From: Tomas Vondra <tomas(dot)vondra(at)2ndquadrant(dot)com>
To: Andres Freund <andres(at)anarazel(dot)de>
Cc: Arthur Zakirov <a(dot)zakirov(at)postgrespro(dot)ru>, Pavel Stehule <pavel(dot)stehule(at)gmail(dot)com>, Ildus Kurbangaliev <i(dot)kurbangaliev(at)postgrespro(dot)ru>, pgsql-hackers <pgsql-hackers(at)postgresql(dot)org>
Subject: Re: [PROPOSAL] Shared Ispell dictionaries
Date: 2018-03-19 13:52:34
Message-ID: 9c27384d-4538-15be-0e94-0a67a52e7b0b@2ndquadrant.com
Views: Raw Message | Whole Thread | Download mbox | Resend email
Thread:
Lists: pgsql-hackers

On 03/19/2018 02:34 AM, Andres Freund wrote:
> Hi,
>
> On 2018-03-19 01:52:41 +0100, Tomas Vondra wrote:
>> I do agree with that. We have a working well-understood dsm-based
>> solution, addressing the goals initially explained in this thread.
>
> Well, it's also awkward and manual to use. I do think that's
> something we've to pay attention to.
>

Awkward in what sense?

I don't think the manual aspect is an issue. Currently we have no way to
reload the dictionary, except for restarting all the backends. I don't
see that as a particularly convenient solution. Also, this is pretty
much how the shared_ispell extension works, although you might argue
that was more due to the limitation of how shared memory could be used
in extensions before DSM was introduced. In any case, I've never heard
complaints about this aspect of the extension.
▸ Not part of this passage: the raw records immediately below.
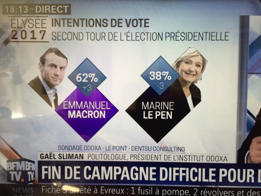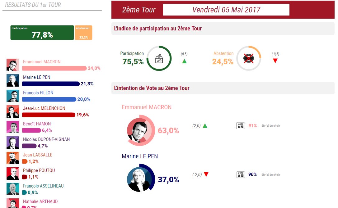 | След снощния #GranDebat Макрон е добавил един процентен пункт и вече води с 61 към 39 %. Отделно от това се увеличиха и твърдо решилите да гласуват за него - 89 %, докато при Льо Пен има спад с 2 % до 86 %. Au lendemain du débat de l'entre-deux-tours, Emmanuel Macron gagne un point d'intentions de vote dans le sondage quotidien Ifop-Fiducial pour Paris Match, CNews et Sud-Radio. Emmanuel Macron a effacé ses pertes. Alors qu'il avait reculé de deux points depuis le premier tour, le candidat d'En Marche! en a regagné deux depuis lundi. Il est désormais crédité de 61% (+1 par rapport à mercredi) d'intentions de vote, contre 39% pour Marine Le Pen (-1). Concernant le pronostic de victoire, 57% des sondés (stable) pensent qu'Emmanuel Macron va l'emporter, 26% (+1) ne savent pas et 17% (-1) croient à la victoire de Marine Le Pen. Натисни тук |
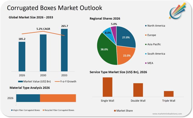 The corrugated boxes market is currently positioned as a foundational segment within the global packaging industry, serving a diverse range of sectors including e-commerce, food and beverage, pharmaceuticals, and consumer goods. In 2026, the market is projected to reach USD 185.2 billion, reflecting robust baseline demand for cost-effective, recyclable, and protective packaging solutions. The sector is witnessing accelerated adoption of advanced manufacturing processes such as digital printing…
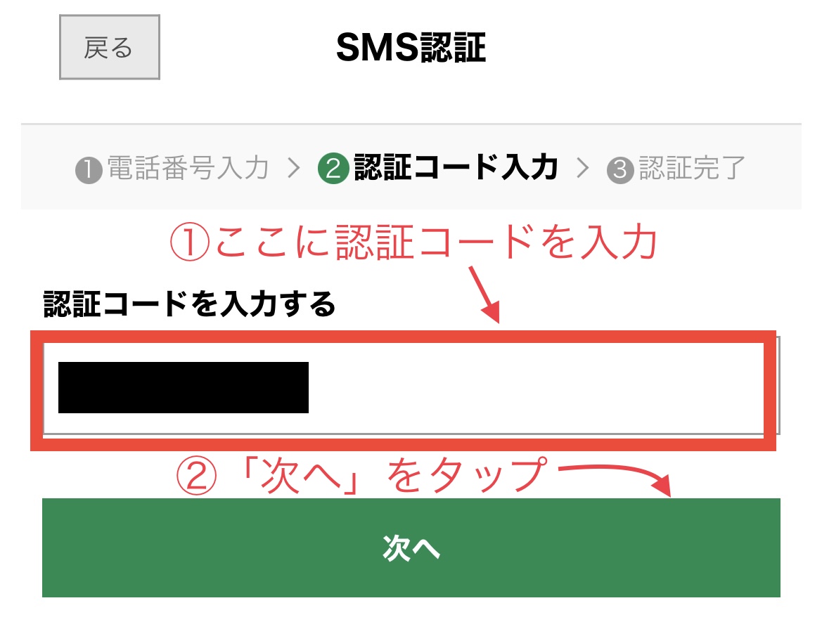 ①SMSで受信したコードを入力し、②「次へ」をタップします。
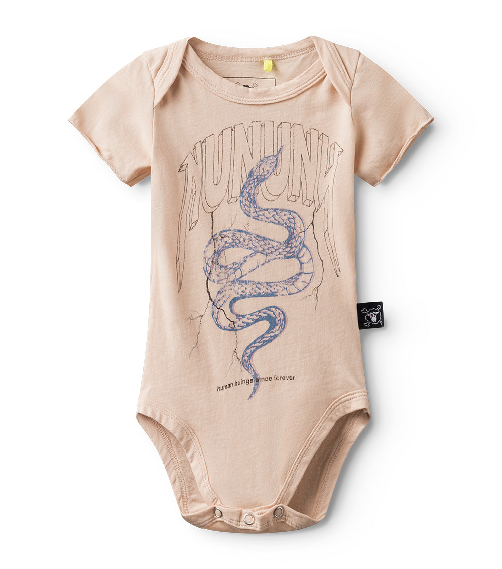 did you know snakes are a symbol of rebirth & transformation? for us, that’s the spirit of summer ‘23, and the reason why we have this powerful creature slithering on this baby nude onesie. it’s a classic shape that goes on with zero friction. snaps at the crotch make diaper changes a no-fuss situation, and shoulder flaps let you pull it down from the top—whatever’s easiest in the moment.
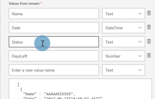 Microsoft Flow can push data directly through the API, so select that as your data source. Give the streaming dataset a name, and enter the names of the columns from your original table that you want to include. When you’re done, it will look something like this:
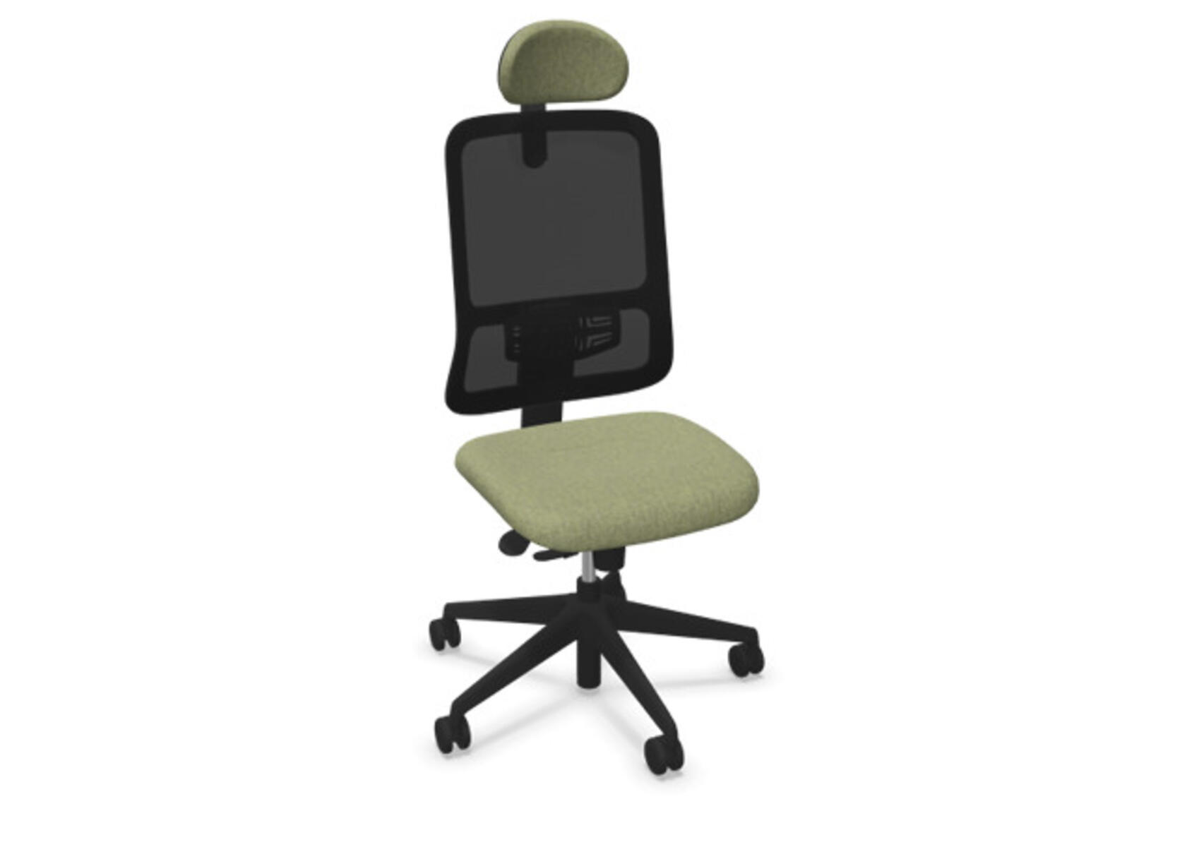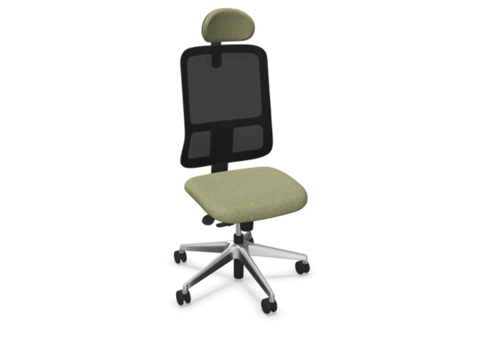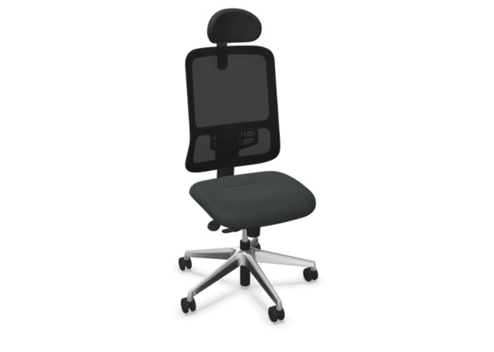 Ergonomisk kontorsstol med mesh rygg och synkronmekanism samt sittdjupsjustering, utformad för att ge stöd vid aktivt sittande under hela arbetsdagen. Klädd i polyestertyg. Den synkroniserade lutningen av ryggstöd och sits möjliggör aktiv och bekväm sittställning. Ryggstödslutningsvinkel 20° synkroniserad med sitslutningsvinkel 11°. Ryggstödet är låsbart i 5 olika lägen för individuell anpassning och du kan enkelt justera ryggstödets motstånd med ett vred. Ryggstödet är höjdjusterbart inom intervallet 70 mm med 5 låslägen. Klätt nackstöd, justerbart inom intervaller: Djup 20 mm, vinkel 70° och höjd 100 mm. Sittdjup är justerbart inom intervallet 50 mm. Stolen har även Anti-Shock funktion vilket förhindrar ryggstödet slår tillbaka när lutningen låses upp. Välj mellan kryss i svart polyamid eller polerad alu samt självbromsande hjul för mjuka eller hårda golv. Som tillval finns även ländryggstöd, manuellt justerbart i djupled (15 mm) och i höjd (20 mm). Armstöd 2D, 3D alternativt 4D säljs separat.
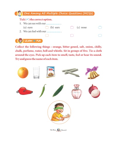 around the eyes. Pick up each item to smell, taste, feel or hear its sound.
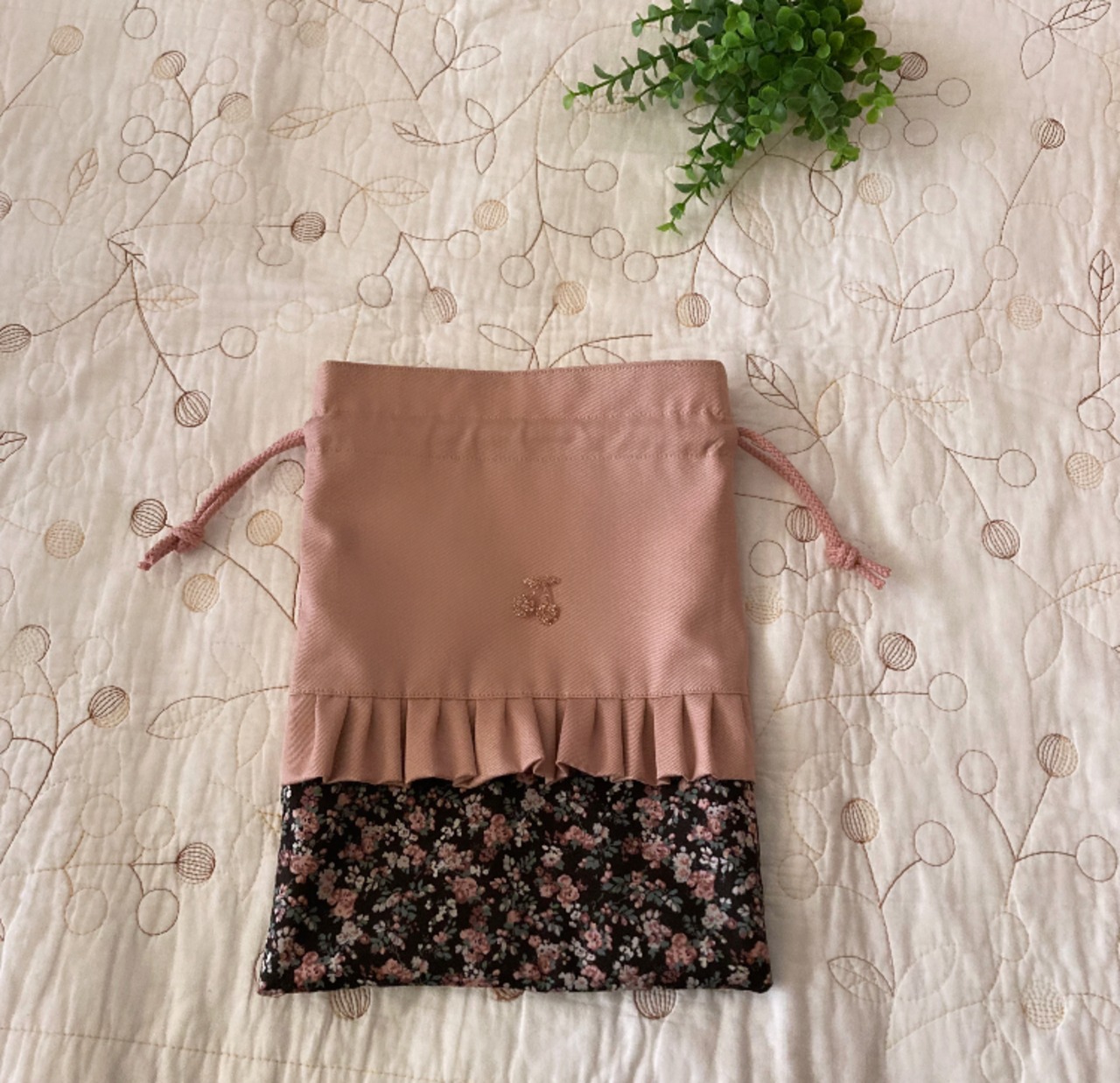 *巾着袋を作製しました。給食袋、コップ袋にいかがでしょうか?
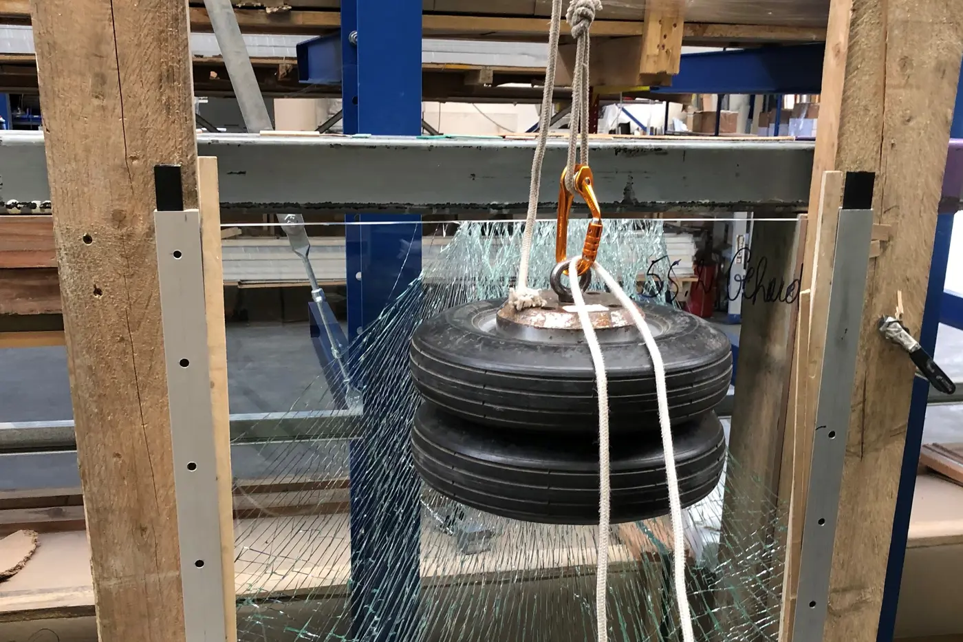 Conformément à la norme NBN B 03-004, les garde-corps en verre doivent répondre à des prescriptions spécifiques relatives à la sécurité et à l’aptitude au service. Ces prescriptions peuvent être vérifiées par calculs (charges statiques) ou par essais (charges statiques et dynamiques). Or, les entrepreneurs ont rarement la possibilité de réaliser une telle vérification.
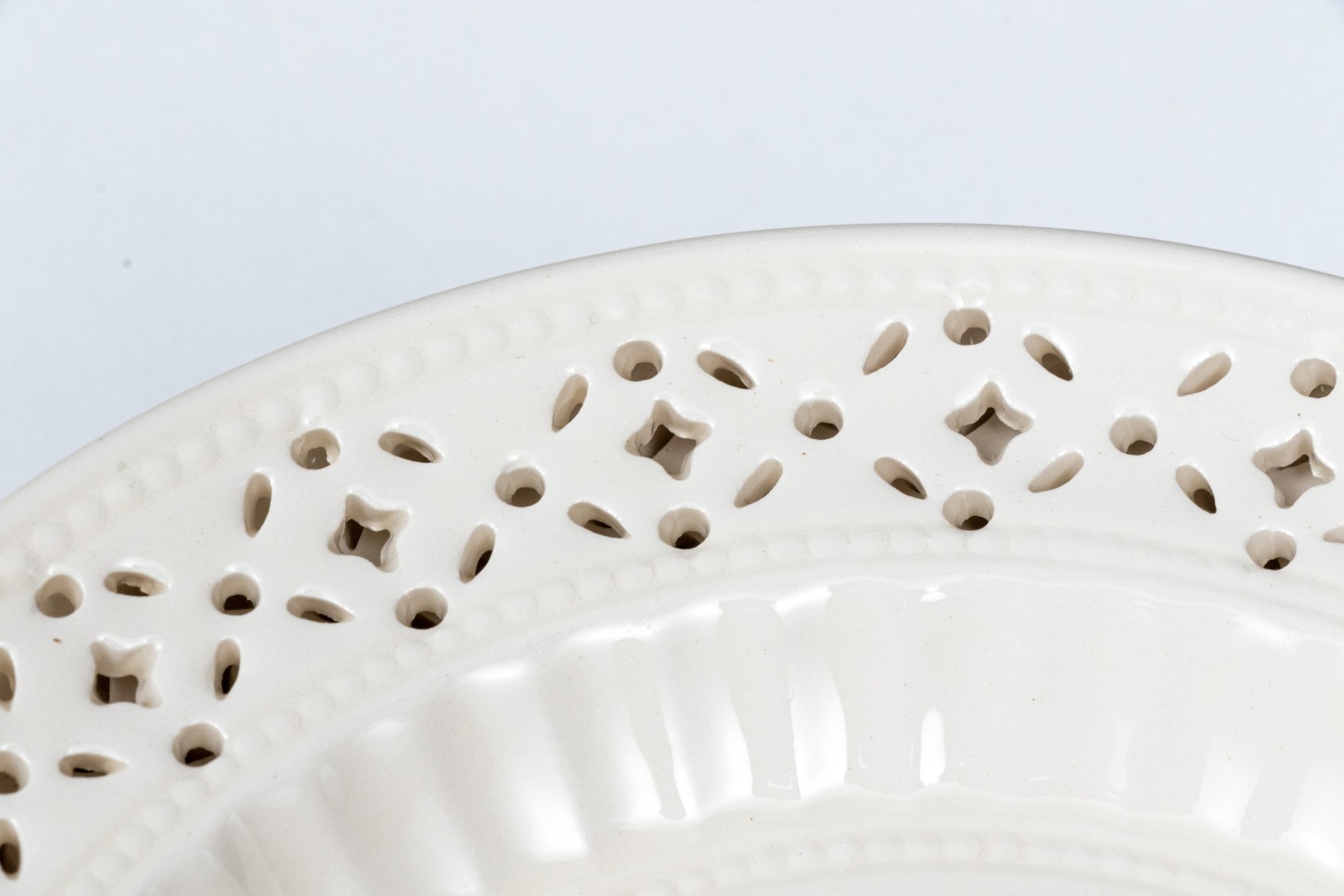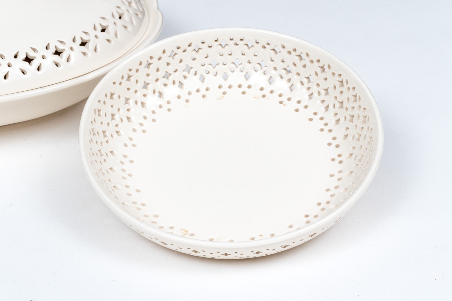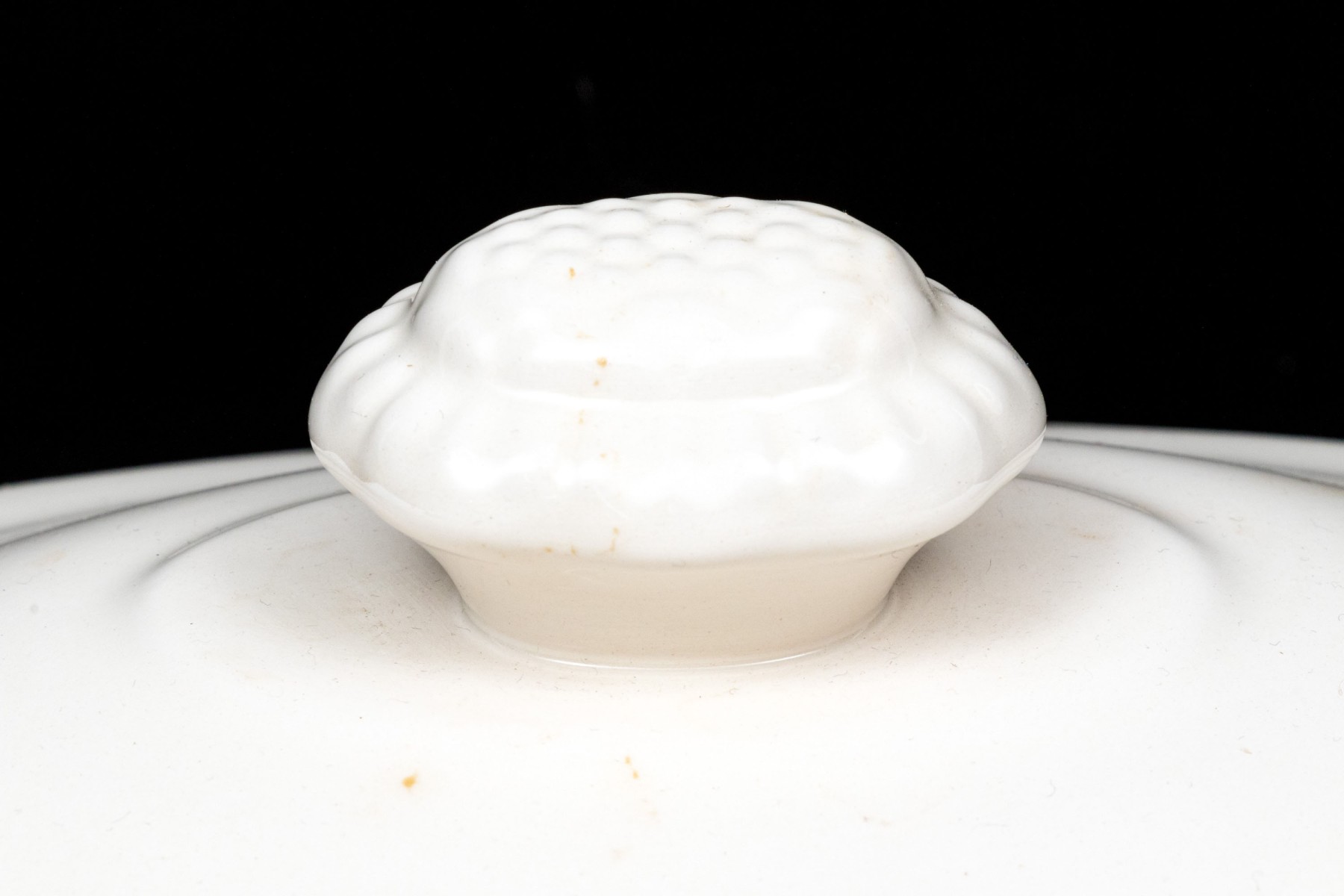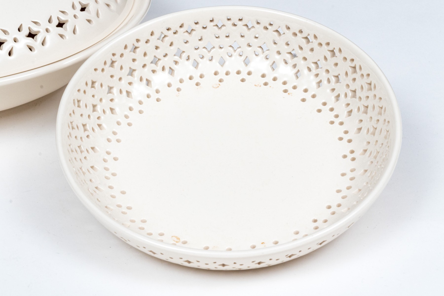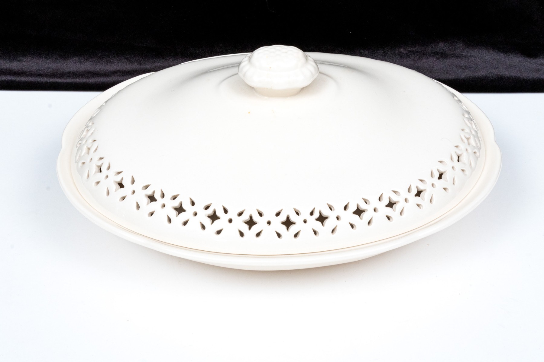 Comprised of a lidded and pierced oval lidded vegetable dish with foliate form finial,
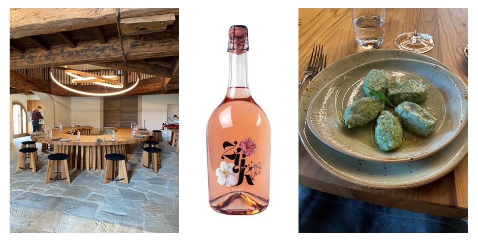 Durante il pranzo, creato ad hoc dallo Chef Pietro Aprigliano, viene presentato il neonato “Ziik”, un rosè spumantizzato con il metodo Charmat, creato attraverso i grappoli di Sangiovese vendemmiati precocemente, una pratica moderna per “non buttare via niente” e rendere utili anche i diradamenti pre-vendemmiali. Si tratta di un vino molto delicato, dalle fattezze “provenzali”, con un basso residuo zuccherino ed una serbevolezza davvero rimarchevole. Ottimo in abbinamento con gli gnudi (ricotta ed ortica) al burro e salvia.
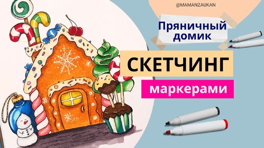 Как нарисовать Пряничный домик маркерами. Спидпейнт

There are about two things that might be automated - reloading of
dictionaries and evicting them when hitting the memory limit. I have
tried to implement that in the shared_ispell dictionary but it's a bit
more complicated than it looks.

For example, it seems obvious to reload the dictionary when the file
timestamp changes. But in fact there are three files - dict, affixes,
stopwords. So will you reload when a single file changes? All of them?
Keep in mind that the new version of dictionary may use different
affixes, so a reload at the wrong moment may result in broken result.

>
>> I wonder how much of this patch would be affected by the switch
>> from dsm to mmap? I guess the memory limit would get mostly
>> irrelevant (mmap would rely on the OS to page the memory in/out
>> depending on memory pressure), and so would the UNLOAD/RELOAD
>> commands (because each backend would do it's own mmap).
>
> Those seem fairly major.
>

I'm not sure I'd say those are major. And you might also see the lack of
these capabilities as negative points for the mmap approach.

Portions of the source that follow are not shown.